### THE PROBLEM
For the listing below, the answer is an exact retyping of the lines from the one with "戴德梁行:2022年第二季度重庆写字楼与零售市场概况.pdf" through the one with "DL/正盟 DLC系列C型单轴承惰轮 DLC25-17-6 1个", both included, without pictures.

### INFORMATION PROVIDED
^^^^^^^^^^^^^^^^

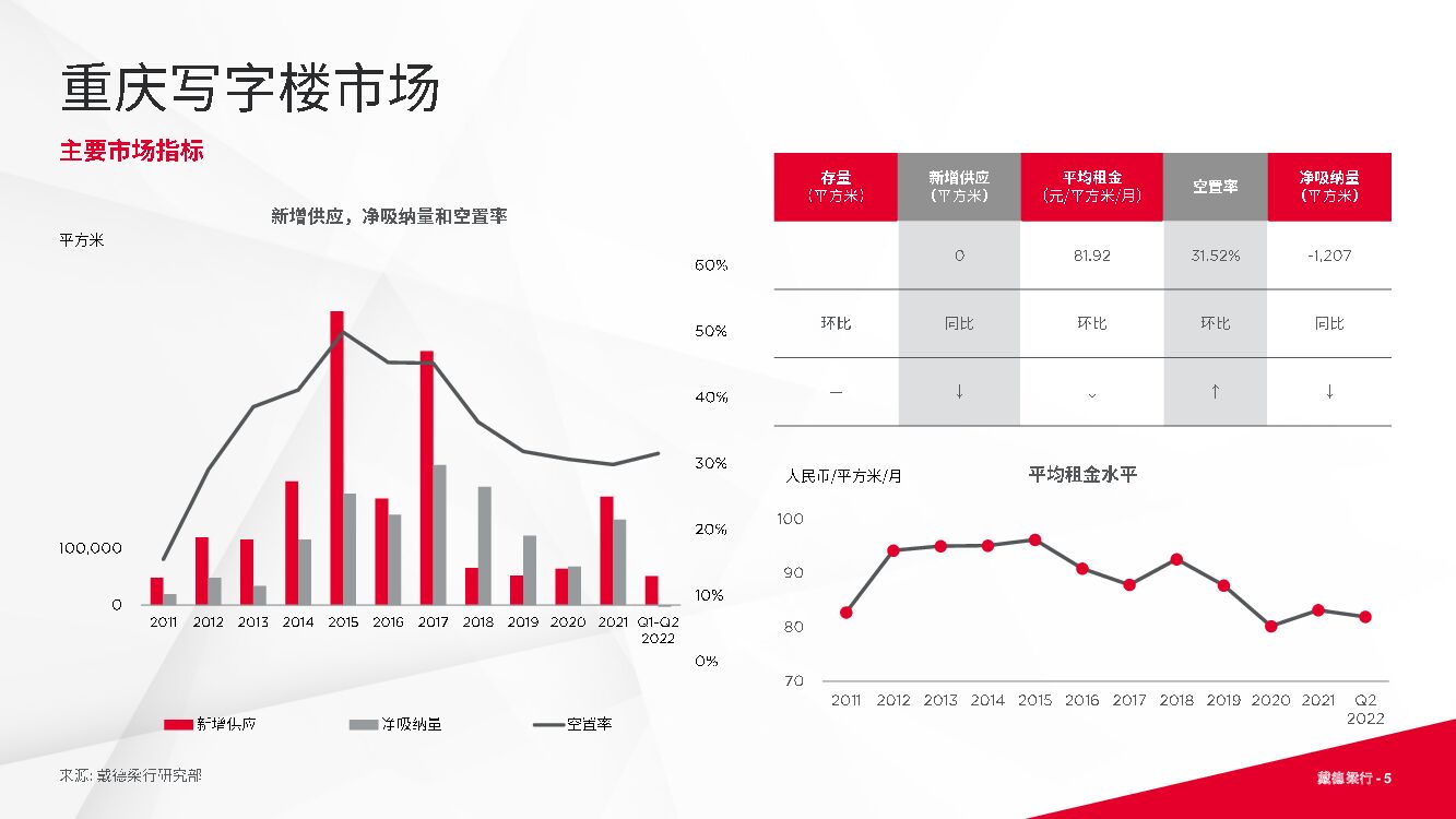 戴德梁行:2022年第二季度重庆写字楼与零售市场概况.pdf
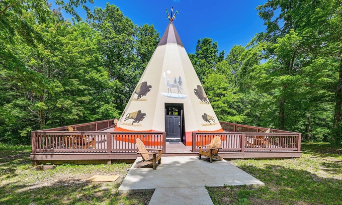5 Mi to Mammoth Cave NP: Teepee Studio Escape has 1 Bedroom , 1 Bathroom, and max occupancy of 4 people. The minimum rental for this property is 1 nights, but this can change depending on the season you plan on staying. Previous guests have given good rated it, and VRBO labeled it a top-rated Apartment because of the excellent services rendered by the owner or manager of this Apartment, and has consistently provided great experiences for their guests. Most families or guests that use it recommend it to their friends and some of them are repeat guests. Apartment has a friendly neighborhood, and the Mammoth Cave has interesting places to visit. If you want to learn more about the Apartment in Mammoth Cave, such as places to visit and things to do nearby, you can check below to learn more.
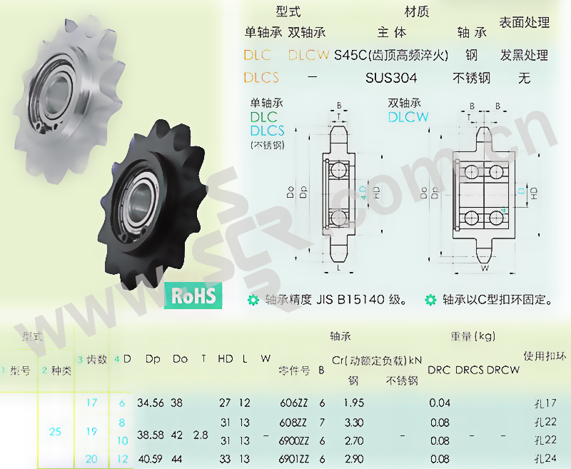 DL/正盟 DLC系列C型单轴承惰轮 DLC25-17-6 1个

^^^^^^^^^^^^^^^^

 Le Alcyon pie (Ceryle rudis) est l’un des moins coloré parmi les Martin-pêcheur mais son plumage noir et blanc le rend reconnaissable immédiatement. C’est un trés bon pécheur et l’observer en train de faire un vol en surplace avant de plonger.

^^^^^^^^^^^^^^^^

### EXERCISE SOLUTION
 戴德梁行:2022年第二季度重庆写字楼与零售市场概况.pdf
5 Mi to Mammoth Cave NP: Teepee Studio Escape has 1 Bedroom , 1 Bathroom, and max occupancy of 4 people. The minimum rental for this property is 1 nights, but this can change depending on the season you plan on staying. Previous guests have given good rated it, and VRBO labeled it a top-rated Apartment because of the excellent services rendered by the owner or manager of this Apartment, and has consistently provided great experiences for their guests. Most families or guests that use it recommend it to their friends and some of them are repeat guests. Apartment has a friendly neighborhood, and the Mammoth Cave has interesting places to visit. If you want to learn more about the Apartment in Mammoth Cave, such as places to visit and things to do nearby, you can check below to learn more.
 DL/正盟 DLC系列C型单轴承惰轮 DLC25-17-6 1个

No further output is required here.